Calculate True Profitability
A high outbound rate on a route where you always run empty might be less profitable than a moderate rate on a route with reliable backhaul. Factor return loads into your route selection decisions.
Use Platform Analytics
Some platforms provide data on load availability and rate trends by route. Use this information to identify promising corridors and adjust your focus accordingly. Truckscanner Premium includes margin analytics that help you understand which routes and customers actually make you money.
Making It Work: Practical Next Steps
Reducing empty miles isn't a one-time fix—it's an ongoing operational discipline. Here's how to start:
This week: Calculate your current loaded percentage. How many of your total kilometres are generating revenue versus running empty?
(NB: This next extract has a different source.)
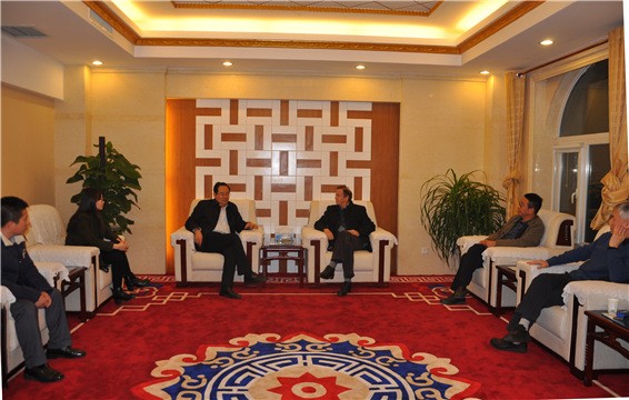 大禹节水集团董事长王栋、副董事长王冲、大禹研究院副院长战国隆与以色列施拉特公司水处理专家、农业和清洁技术经理 Rafi Nevo先生,以色列施拉特中国公司CEO畅波先生会谈

This baseline tells you how much opportunity exists.
This month: Set up alerts on freight platforms for your regular routes. Register on platforms that serve your key destinations. Get notifications flowing to your phone so you can respond quickly.
Ongoing: Before accepting any outbound load, check return options. Build this into your quoting process—evaluate the round-trip opportunity, not just the one-way rate. Track your progress and aim for continuous improvement in your utilisation percentage.
The carriers who run 85% loaded instead of 65% loaded aren't lucky—they're systematic. They plan returns before they leave, use platforms effectively, build relationships, and stay flexible. The same strategies are available to you.